“The ability of an evaluation to detect a meaningful impact of a program is determined by the evaluation’s sample size and statistical power. This is a tool for policymakers and practitioners that describes some of the factors that affect statistical power and sample size. Further information on the dangers of running an evaluation with inadequate power can be found in a companion resource….
The statistical power, or power, of an evaluation reflects the likelihood of detecting any meaningful changes in an outcome of interest brought about by a successful program. In the process of designing a randomized evaluation, researchers conduct power analyses to inform decisions such as:
- Whether to conduct the evaluation
- At which unit to randomize (e.g., individual, household, or group)
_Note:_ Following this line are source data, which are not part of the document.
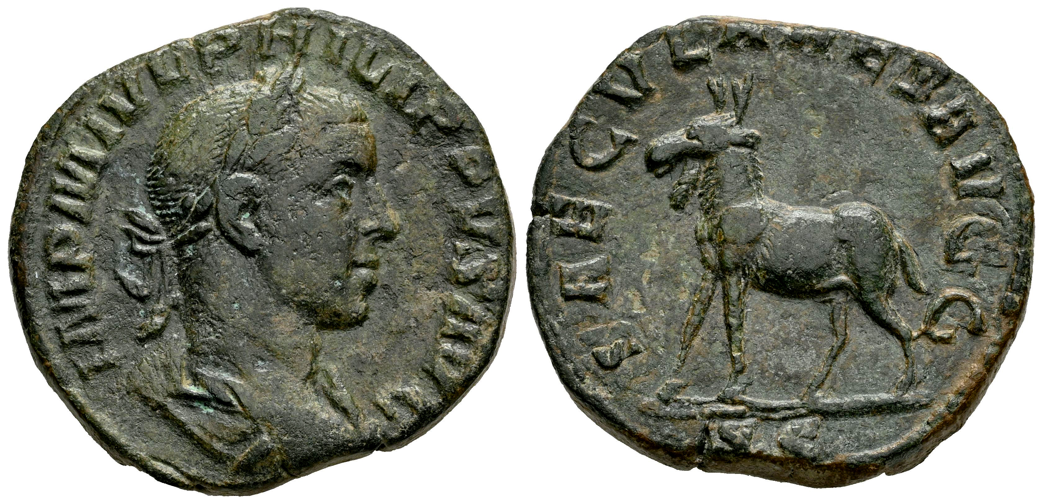 Philip II. Sestertius. 248 AD. Rome. (Ric-IV 264a). (C-73). Anv.: IMP M IVL PHILIPPVS AVG, laureate, draped and cuirassed bust to right. Rev.: SAECVLARES AVGG, goat standing to left; SC in exergue. Ae. 17,15 g. VF/Choice VF. Est...150,00.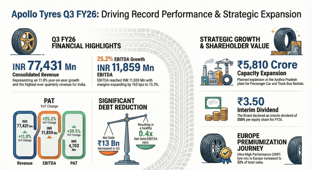 Apollo Tyres Ltd (NSE: APOLLOTYRE) reported consolidated revenue of ₹77,431 million for the quarter ended December 31, 2025, a 11.8% increase year-over-year. This growth was driven by pent-up demand in India following GST rate reductions and robust double-digit growth across replacement, OE, and export channels. Consolidated EBITDA rose 25.2% to ₹11,859 million, with margins expanding 165 basis points to 15.3%. Net debt decreased by ₹13 billion during the quarter to reach ₹13 billion by December 2025.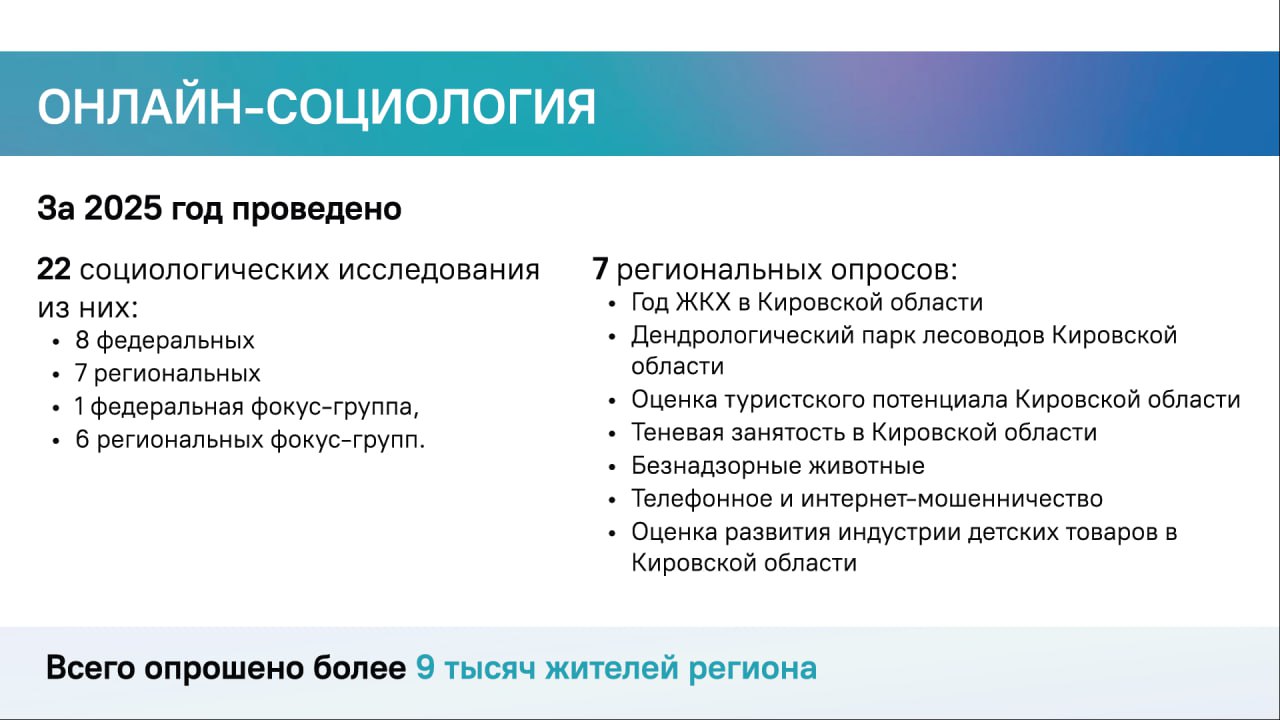 — Для изучения общественного мнения ЦУР по запросам органов власти провел 22 онлайн-исследования, из которых: 8 федеральных; 7 региональных; 1 федеральная фокус-группа; 6 региональных фокус-групп.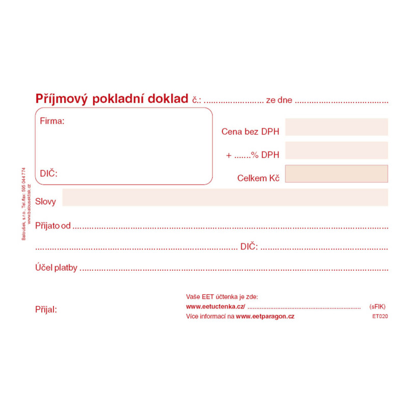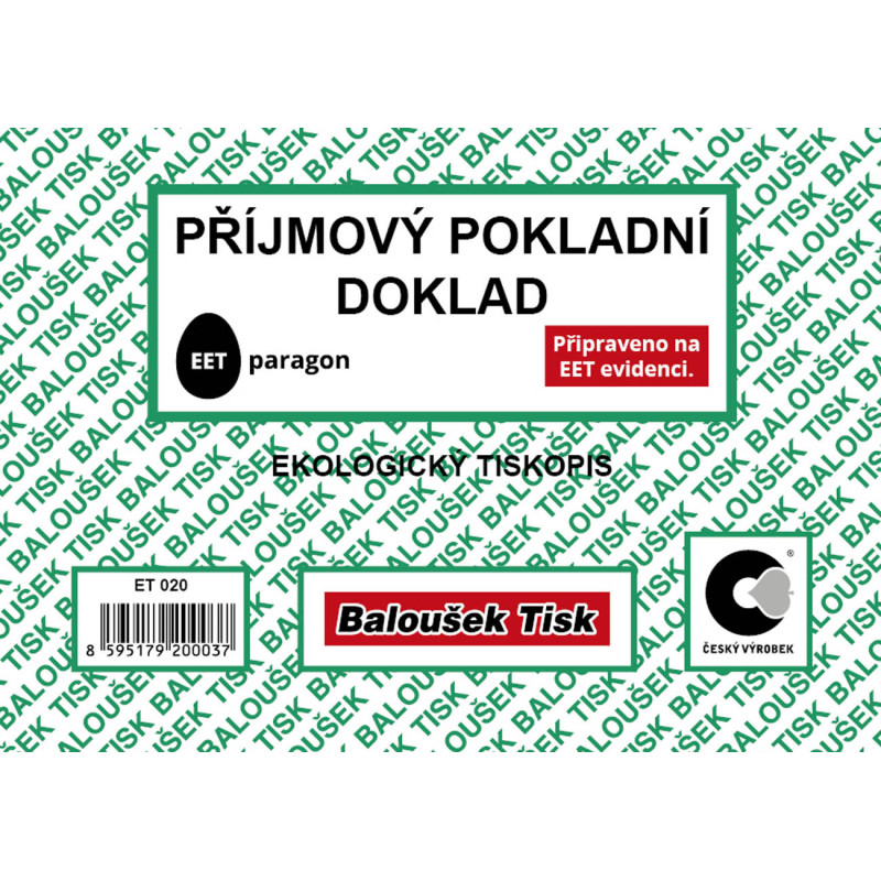 Příjmový pokladní doklad Baloušek A6 / nečíslovaný / 50 listů / ET020

- How many units to randomize
- How many units or individuals to survey
- How many times to survey each unit or individual over the course of the evaluation
- How many different program alternatives to test
- How much baseline information to collect
- Which outcomes to measure
- How to measure the outcomes of interest
It is important to understand how the factors above are interrelated and affect the overall power and sample size needed for a randomized evaluation. The rules of thumb outline the key relationships between the determinants of statistical power and sample size, and demonstrate how to design a high-powered randomized evaluation” (p.2).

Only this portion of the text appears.